Escape mock limitations: Alex Pilutatu demonstrates practical integration testing in Go using testcontainers.

Proposal: official support for modelcontextprotocol/go-sdk · modelcontextprotocol · Discussion #224 · GitHub

A standard, "official" MCP SDK for Go? No. As Axel "The Merovious" Wagner points out, this proposal is not about "an official Go project for an MCP SDK", but rather "an official MCP project for a Go SDK".

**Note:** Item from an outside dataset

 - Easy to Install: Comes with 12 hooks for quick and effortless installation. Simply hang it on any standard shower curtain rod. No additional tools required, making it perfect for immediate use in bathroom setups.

A subtle but important difference.

Practical Refactoring in Go (+ Mindset) - YouTube

What and how to refactor depends to a good extent on the language used. Adib Hanna explains not only the what and how, but also refactoring techniques and pitfalls to avoid.

Projects

Libraries

GitHub - go-analyze/charts: Golang charting and graphing library

Render line, scatter, bar, horizontal bar, pie, radar, funnel and table charts to png, jpg, or svg images.

GitHub - olekukonko/ruta: Chi-inspired router for TCP and WebSocket support

All routing is for HTTP only. All routing? No, a small routing package set out to bring routing to TCP, WebSocket, and any networking protocol that you want to implement an interface for.

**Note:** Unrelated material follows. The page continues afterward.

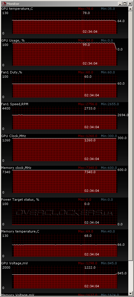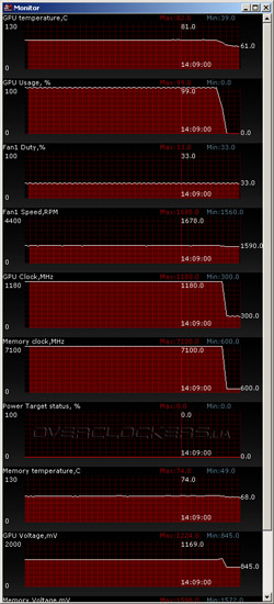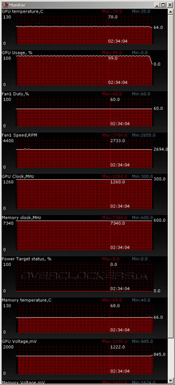 Видеокарту можно сделать тише и холоднее. Производитель изрядно подстраховался и установил в номинале напряжение 1,257 В (согласно мониторингу оно чуть ниже). Понизив его до 1,207 В (1,197 В по программному мониторингу) и зафиксировав обороты вентиляторов на 37% (примерно 1820 об/мин) мы получили 74 °C в Warhead.

GitHub - tomakado/dumbql: Simple (dumb?) query language

Query your structs with this simple, Kibana-inspired query language.

GitHub - abiosoft/mold: Higher level use of Go templates for rendering web pages

If Go's standard templating system feels unsuited for modeling typical Web page structures, try abiosoft/mold.

GitHub - avamsi/climate: "CLI Mate" autogenerates CLIs from structs / functions (nested subcommands, global / local flags, help generation, typo suggestions, shell completion etc.)

It never occurred to me that "climate" actually means "CLI mate"!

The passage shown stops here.